Jorge Vega on Being Catholic in Brazil

By: Jorge Vega

March 7, 2008

An interesting choreography of sorts can be seen during rush hour in front of the church Nossa Senhora da Paz in Ipanema, Rio de Janeiro. There, among the evening stream of pedestrians, cars, and buses, many people, both outside and inside vehicles, face the church when passing in front of it and do the sign of the cross in a perfectly timed and almost automatic movement. For an outsider, this would appear to be a natural occurrence in the world’s largest Catholic nation, but as some Brazilians will readily admit, such displays should not be considered signs of a devoted Catholic population, but superficial manifestations. “Everybody says they are Catholic, but nobody really is,” a local friend told me. “Futebol (soccer) is more of a religion than Catholicism."

Ouch. But should we take this as the modern pretense we see elsewhere? Interestingly, in Brazil this is neither a modern issue nor insincerity. It is true that many people who identify as Catholics are not practicing Catholics. But then, like my friend admitted, almost nobody really is. This is because religious practices in the country, starting with Catholicism when it first arrived with the Jesuit missionaries, have all incorporated, and even been created from, interactions with practices and traditions from all the others. In this way, Catholics may not go to church, but will engage in an informal cult of saints similar to the principal Afro-Brazilian religion of Candomblé and also make promessas, superstitious rituals originally adopted from indigenous spiritualism done to reach specific ends (for example, plucking a feather from a sleeping chicken and writing a wish with it). Even the evangelical movement, which has been gaining ground in the rural and suburban areas, has seen itself adopt many of these features. Conversely, Ubanda, a more balanced mix of Catholicism and Afro-Brazilian practices, is a very important religion in the country. Santo Daime, a spiritual movement that unites some metaphysical theology, communal doctrines, and indigenous practices such as the use of ayahuasca (a semi-hallucinatory tea), is also a common religion in Brazil.

Does this apparent pluralism presuppose a weak institutional Catholic Church? Even if my friends will affirm the opposite, the fact is that the Catholic Church has been, and still is, a very active force in the country; it has been one of the major forces in civil society, apart from syndicates, to foster political activism (especially against the dictatorship) and social development (Brazil is the great bastion of liberation theology in Latin America). These activism-oriented actions are, in fact, characteristic of all the religions in the country and help explain the rich and shared spiritual experience between religions.

For example, on a recent surfing trip half an hour away from the city, in a place called Macumba Beach, I saw three women dressed in white who were engaged in a Candomblé ceremony for the orixá (goddess) Iemanjá.
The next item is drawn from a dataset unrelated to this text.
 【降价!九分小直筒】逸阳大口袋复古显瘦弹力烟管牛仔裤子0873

The few people on the beach didn’t lend attention to the ceremony, only giving casual glimpses with the banal fascination we might have upon seeing people doing tai chi in a public park—that is if tai chi consisted of an elderly woman going on an excited trance while other women chanted around her. When they finished, I asked them about the ceremony, their experience with their religion, and other things. Perhaps the most interesting glimpse into their world came when they said that their main objective was to “ask for peace and strength in trying to eradicate violence and despair within [their] poor community.” They admitted that their devotion lay in the wish for divine protection and guidance in these “bad times.” Like Catholicism, and the ever-growing evangelist movement, the ‘reason’ for practicing seems to not be the search for spiritual fulfillment, but rather the search for immediate, ‘real’ salvation, the attainment of certain social needs with religion as a communal institution to guide them.
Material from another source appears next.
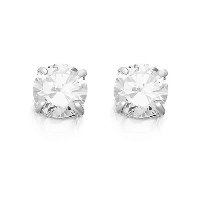 9ct White Gold Cubic Zirconia Solitaire Stud Earrings - 5mm - G3006

Hints of religious life are widespread and readily evident. But, as we will learn going forward, they are proof of a uniquely Brazilian spirituality that, similar to religion in other countries, embodies overall political and social aspirations, while also providing a permanent part of personal identity. This explains how calling oneself a Catholic is quite simply part of one's heritage, or why Afro-Brazilian practices carry, and complement, the political overtones of Brazil’s ongoing racial discussion. I do have to admit a strange occurrence: the very moment that the women on the beach put their offering of flowers in the water, a surprised fisherman 15 feet away yelled excitedly as he pulled out a big fish that had just bitten the line. I commented on this, and with the smile of somebody who expected what had just happened, one of the women said “That is Iemanjá [who is associated with being the protector of the sea and of wisdom] thanking us for the offering.” I think religious experiences in this country can be judged as being less like the celestial affairs that their religious ideals claim, and yet, there are moments like these where one looks up to the sky and wonders.

P.S. In the upcoming letters I will discuss in depth my experience inside each religion, including interviews with Catholic leaders, a visit to a Mae de Santo (Candomblé priestess), a visit to an up-and-coming evangelical congregation, and my experience with the Santo Daime movement.